Entrevista:O Estado inteligente

quarta-feira, fevereiro 13, 2008

Pizza à vista


Editorial
Correio Braziliense
13/2/2008

Arranjo de última hora culminou a barulhenta refrega política no Congresso em torno da criação de CPI mista para apurar supostas fraudes no uso de cartões corporativos da administração federal. Oposição e governo formalizaram acordo difícil de passar à opinião pública sem reações de suspeita sobre se existe mesmo vontade de chegar à verdade e a resultados consistentes. O entendimento estendeu as atividades investigativas a 1998, período de gestão de Fernando Henrique Cardoso. Mas as partes convencionaram que tanto as contas pessoais do ex-governante quanto as do presidente Luiz Inácio Lula da Silva ficariam fora do alcance da CPI.

O interlocutor do Palácio do Planalto nas conversações com líderes oposicionistas, deputado Carlos Sampaio (PSDB-SP), por meio de frase curta mas de grande poder sugestivo, reduziu a simples trivialidade o pacto firmado: “O acordo é fazer uma investigação institucional, verificar os gastos públicos e a transparência. Não vamos fulanizar”. É quase nada para o contribuinte, que espera revelações por inteiro sobre o montante dos desvios de recursos públicos, identificação de quem os desviou e a submissão dos culpados às barras dos tribunais.

Se acaso a definição de Sampaio é partilhada pela oposição —no fundo, singela tomada de contas para diagnosticar o grau de transparência na movimentação de somas sacadas sobre o erário —, seria bastante entregar o problema ao escrutínio da Comissão de Fiscalização Financeira e Controle da Câmara dos Deputados. Não é o caso.

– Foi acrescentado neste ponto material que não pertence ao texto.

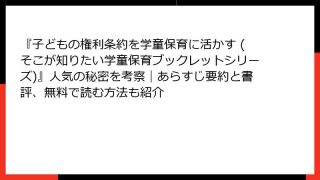 教育学 『子どもの権利条約を学童保育に活かす (そこが知りたい学童保育ブックレットシリーズ)』人気の秘密を考察|あらすじ要約と書評、無料で読む方法も紹介

Os dados divulgados pela mídia sobre graves indícios de ilegalidade em pagamentos e saques feitos com cartões corporativos exigem devassa obstinada do Poder Legislativo. É para cumprir deveres do gênero que o instituto da comissão parlamentar de inquérito desde sempre figura na ordem constitucional republicana.

É claro que o número de agências públicas e prepostos envolvidos em suspeições desenha vasto arco de incidência a ser percorrido pela CPI. Mas a amplitude do universo sujeito à ação do órgão, desafio de enorme magnitude, não é suficiente para justificar qualquer leniência ou gestos ditados para salvar reputações, não importa quantas possam ser atingidas.

A comparação entre as estrepitosas manifestações que marcaram o debate inicial e o acordo entre oposição e governo celebrado no silêncio dos corredores faz gerar a presunção de que a CPI, como outras tantas, acabará em pizza. É o receio que, em razão dos fatos, ocupa a consciência esclarecida da sociedade. O cidadão, contudo, não abre mão do direito de saber por onde escorre e a quem privilegia o dinheiro que o governo lhe toma para administrar o país. Manobras para criar perplexidades e embaralhar o jogo da verdade só servirão para aumentar a desmoralização do Congresso e desacreditar o regime democrático.